The committee considered a number of potential equality issues that were raised at scoping and in stakeholder submissions:

  • A patient organisation submission highlighted that a higher proportion of people with highly active RRMS are female than male. The committee noted that the issue of sex-related disease prevalence could not be addressed in a NICE technology appraisal.

  • The committee noted that the onset of MS may coincide with family planning and recalled that most high-efficacy disease-modifying therapies cannot be used in pregnancy or when pregnancy is planned. Pregnancy and maternity are protected characteristics under the Equality Act 2010. The committee recalled that natalizumab had proven safety data in pregnancy, so a positive recommendation for natalizumab in highly active RRMS would address this unmet need. The committee thought that this was an uncaptured benefit in its decision making (see section 3.24).

  • A professional organisation also stated that currently, people with highly active RRMS have to wait for another, potentially disabling relapse to meet the criteria for rapidly evolving severe RRMS to access natalizumab. The committee noted that this was not an equality issue.

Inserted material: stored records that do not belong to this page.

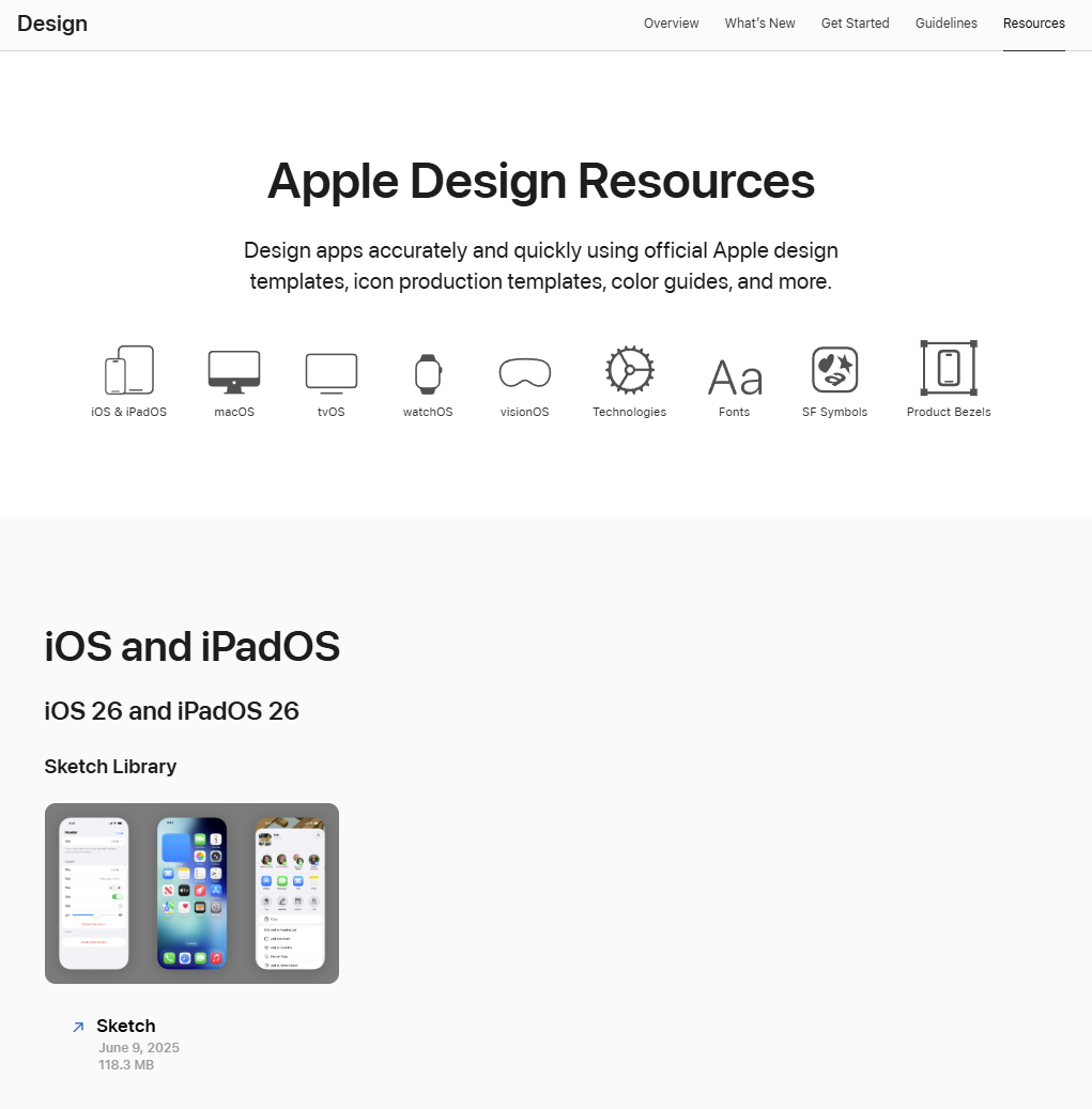 애플은 iOS, iPadOS, macOS, watchOS, visionOS 등 다양한 플랫폼에 대한 공식 디자인 템플릿과 UI 키트, 아이콘, 컴포넌트를 제공합니다. Sketch, Figma, Adobe XD 등 주요 디자인 툴 포맷으로 제공되며, HIG(Human Interface Guidelines)도 함께 참고할 수 있어 매우 유용합니다. (Sketch로 제작된 iOS 26 라이브러리가 이미 업데이트되어 있습니다.)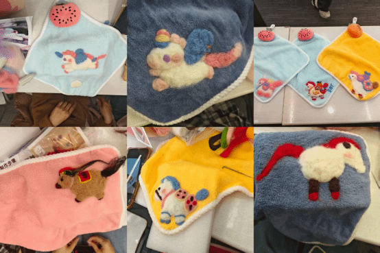 活动现场气氛融洽,动画系副教授刘芳老师为各位女教职工详细讲解了羊毛毡非遗技艺的历史渊源与制作技巧,涵盖铺毛、塑形、戳扎、装饰等方面,并进行了手把手的操作指导。参加活动的老师们充分发挥艺术创意,将蓬松的羊毛反复戳刺,精心制作成平面或立体的精美配饰。在沉浸式的创作过程中,老师们深切感受到传统手工艺的独特魅力,彼此交流创作心得,现场氛围温馨且热烈。
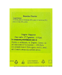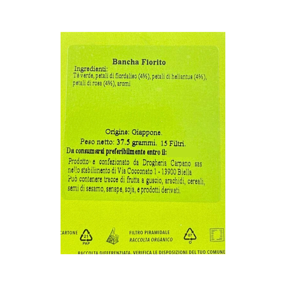 Tè Bancha Fiorito 15 filtri piramidali Carpano; Ingredienti: Tè Verde Bancha Giapponese, petali di Fiordaliso (4%), petali di Heliantus (4%), petali di Rosa (4%), aromi.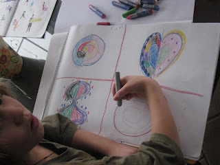 His favorite thing to do is color them in when we are finished. If you notice there is still a focus on round forms. He really enjoys these and asks to do them week after week. Soon we will be moving on to more advanced forms but for now this is it. We always start off with circles, straight and wavy lines and then we do our form for the day. Always switching hands. Don't under estimate or rush the mirror forms. This exercise is very important in their development and helps to establish writing and prevents or treats dyslexia. We use the big triangular lyra wax giants crayons and also stockmar.

  • At scoping, it was raised that because natalizumab has the potential for home administration, a negative recommendation would disproportionately affect people who live far from a treatment centre. This is particularly the case for people for whom travelling is difficult, or who have more limited access to transport. The committee recalled that its recommendation included both subcutaneous and intravenous natalizumab (originator).

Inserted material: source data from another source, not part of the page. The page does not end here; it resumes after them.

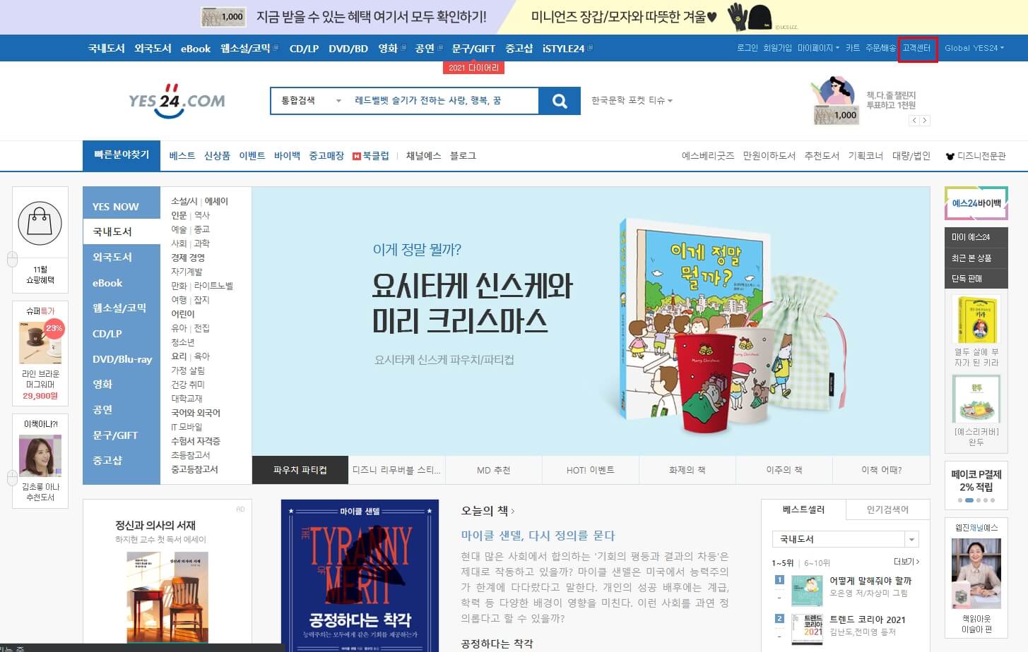 Yes24 (예스24 ) 고객센터 공식 홈페이지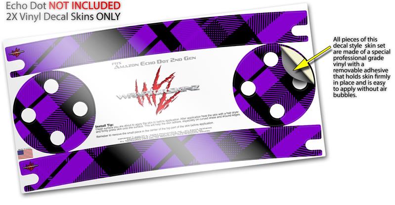 Skin Wrap Decal Set 2 Pack for Amazon Echo Dot 2 - Purple Plaid (2nd Generation ONLY - Echo NOT INCLUDED)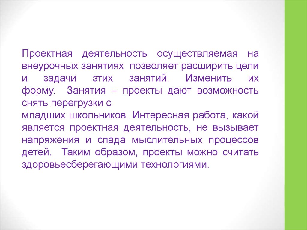 Проектная деятельность осуществляемая навнеурочных занятиях позволяет расширить цели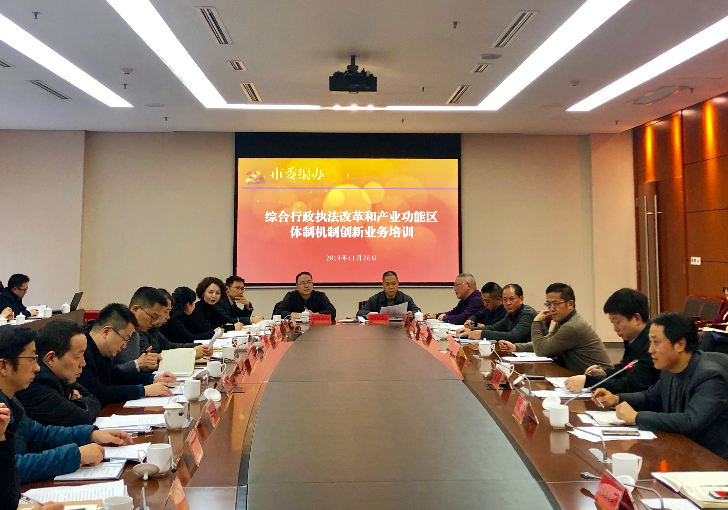为贯彻落实党的十九届四中全会精神,深入推进重点领域行政体制改革和体制机制创新,11月26日,市委编办举办综合行政执法改革和产业功能区体制机制创新业务培训,市委组织部副部长、市委编办主任敬斌出席并讲话,市委编办副主任谭英华主持本次培训。

  • At consultation, a professional organisation highlighted that people with MS who are older often have a higher risk of infections or have comorbidities that complicate management decisions. These people would benefit more from natalizumab's non-immunosuppressive mechanism of action. The committee considered this in its decision making.

    The committee considered the equalities issues in its decision making.

Conclusion

Recommendation

3.27

The committee concluded that there were uncertainties in the cost-effectiveness evidence. But, when also considering uncaptured benefits, natalizumab (subcutaneous originator and intravenous biosimilar) were cost-effective treatments when the characteristics of the person and the activity of their MS mean that cladribine is not suitable. But natalizumab (intravenous originator) was not. So, in this population, natalizumab (subcutaneous originator and intravenous biosimilar) can be used but natalizumab (intravenous originator) should not be used.